Chapter 42
Chapitre 42
« Ne prenez pas la princesse Victoria »
La servante fit son rapport à Vlad. Vlad rit en regardant la neige commencer à danser derrière la fenêtre.
« Ça aurait pu être efficace. Un homme comme lui aurait du mal à saisir un raisonnement aussi simpliste. Il est plutôt coupé de ce genre de choses, mais, à la base, donner une justification rationnelle aurait du sens. Or, il n’y en a pas. »
Vlad but le vin que la servante venait de lui verser.
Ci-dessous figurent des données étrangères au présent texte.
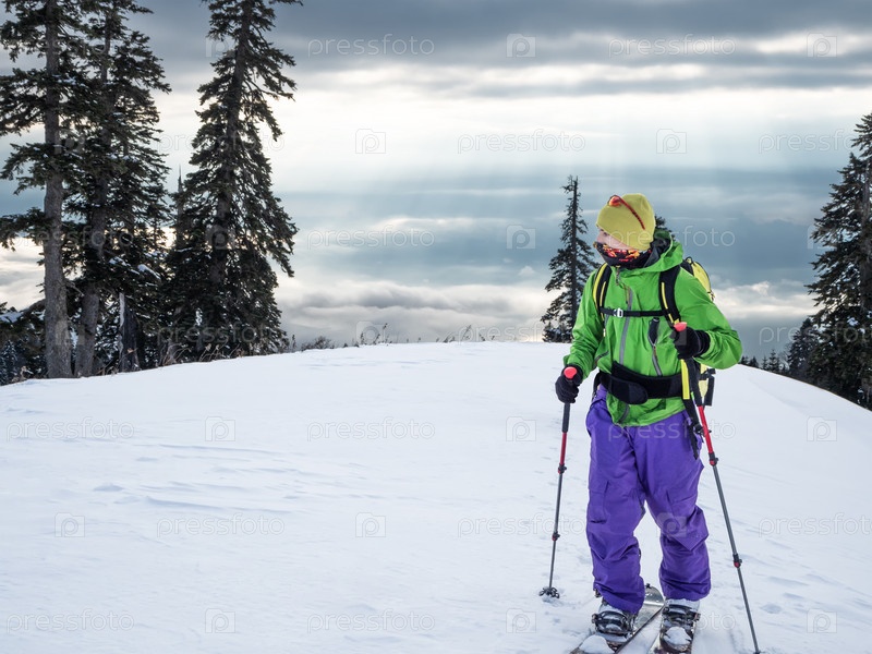 Вид спереди молодого активного спортсмена на лыжах или сплитборде на лыжах

« William Liwius. C’est un homme assez avisé pour discuter d’égal à égal avec les guerriers. Si je peux le gagner par l’intermédiaire de Victoria, ce sera peu cher payé. En termes de qualités brutes, elle est bonne, mais en tant que fille de haute noblesse, il lui manque encore quelque chose. Si tu parviens à mettre la main sur cet homme, le pari sera rentable. »
La servante se mit à lui masser la nuque. Sans même croiser son regard, le visage de Vlad se colora d’une légère rougeur, comme excité.
« Aujourd’hui est une bonne journée. Tout est prêt, Helga ? »
La servante nommée Helga sourit en baissant les yeux.
« Sans aucun doute, mon seigneur. J’ai soigneusement sélectionné les meilleurs ingrédients. »
« Bonne fille. Nous irons après avoir rencontré ces deux-là. Hah, quelle journée ! »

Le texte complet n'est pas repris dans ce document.